Documentation

What is SQA?

SQA - System Quality Assurance - is a platform that helps developers and product owners deliver better products by verifying the value a system actually delivers to its users.

You can't improve what you can't measure - so SQA makes value measurable. You write down what a system promises its users as a contract: a set of claims, each a promise you can verify - and when the value can't be measured directly, the claim says exactly how you'd know it was delivered. You make the promises; SQA is the independent witness that verifies whether they're kept.

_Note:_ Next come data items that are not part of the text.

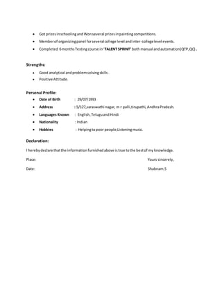 This resume is for Shabnam.S, who graduated in 2014 with a degree in Computer Science and Engineering. She lists her email, phone number, education history which includes graduating with over 65% from college and over 70% from intermediate school. Her skills include programming languages like C and Java, Microsoft Office, SQL, and operating systems. She completed a 3 month project on privacy-preserving delegated access control in public clouds. She has received prizes for her school and painting achievements. Her strengths are problem solving and a positive attitude.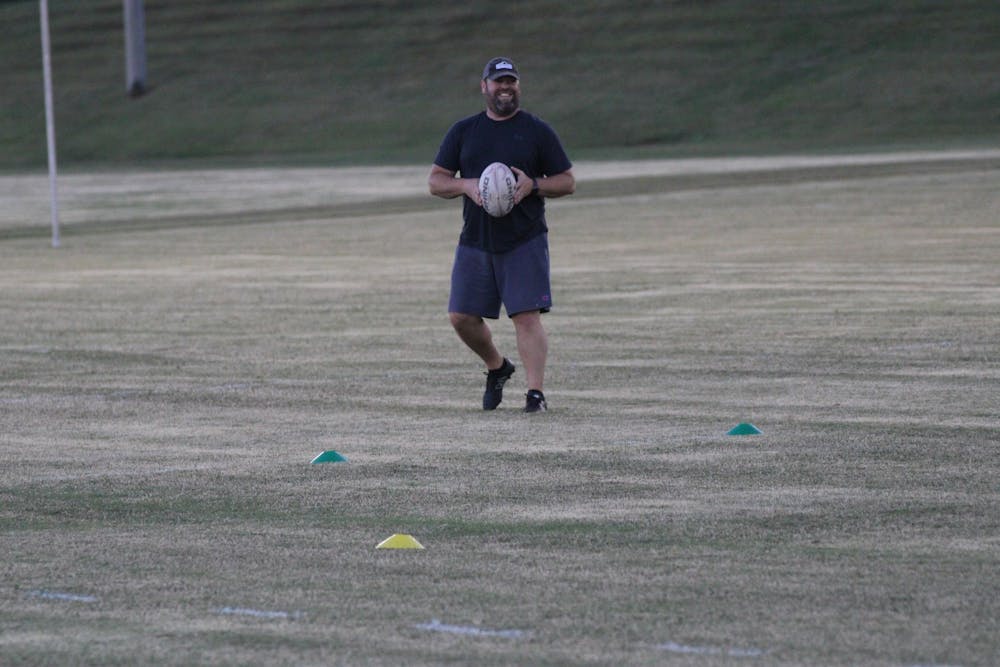 Elon Men's Rugby Coach Ryan Bays takes the team through drills during a practice. Bays has coached the team since 2003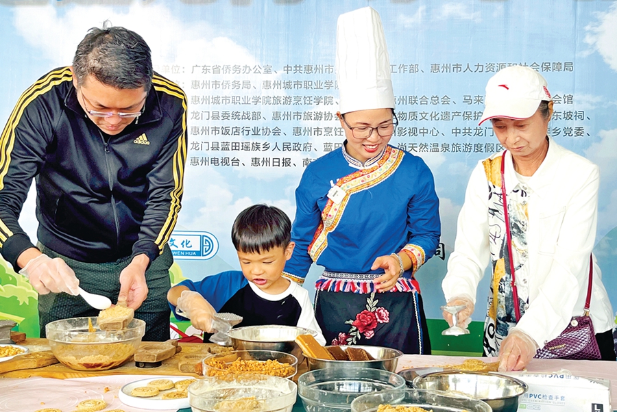 現場賓客與烹飪技師一同制作龍門米餅。惠州日報記者黃宇翔 通訊員龍融心 攝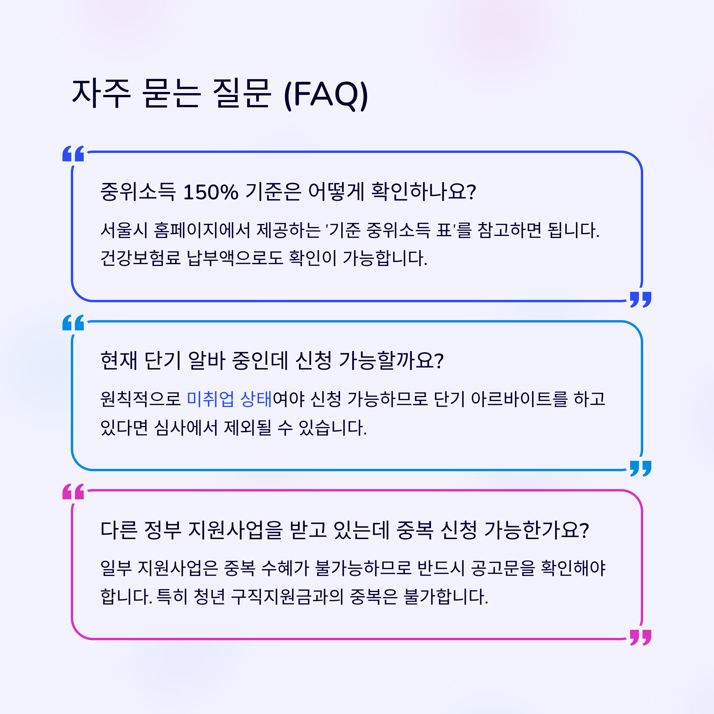 - 소득 기준: 가구 중위소득 150% 이하

Unlike unit tests or uptime monitors - which confirm a system matches its spec - SQA verifies whether the product actually delivers the valueit promised its users. Everything can be green while the product still isn't landing, because the spec itself can be wrong.

How it works

Four moves, from understanding the system to a report you can act on:

1Understand the SUT
The System Under Test - say metaintro-chat: its components, how it works, and how to drive it, observe it, and collect evidence.
2Write the contract
Capture what the system promises its users as claims - e.g. “a user can log in via email, password, or social auth,” “a job search returns jobs that match the query.” Each claim says how it’s verified.
3Build the scenario
The technical part: a sequence of atomic steps that drive the live system, read the result, and verify it against the claim - with evidence. (Shown up close below.)
4Read the report
What happened: each claim's result, who triggered the run, and the evidence underneath every one.

The scenario

The contract says what to verify. The scenario is how: a sequence of atomic steps that drive the live system, read what came back, and verify it against the claim - keeping evidence at every step. A real run, against the job-search contract for metaintro-chat (the example system under test):

metaintro-chat · job-search · “senior react engineer remote”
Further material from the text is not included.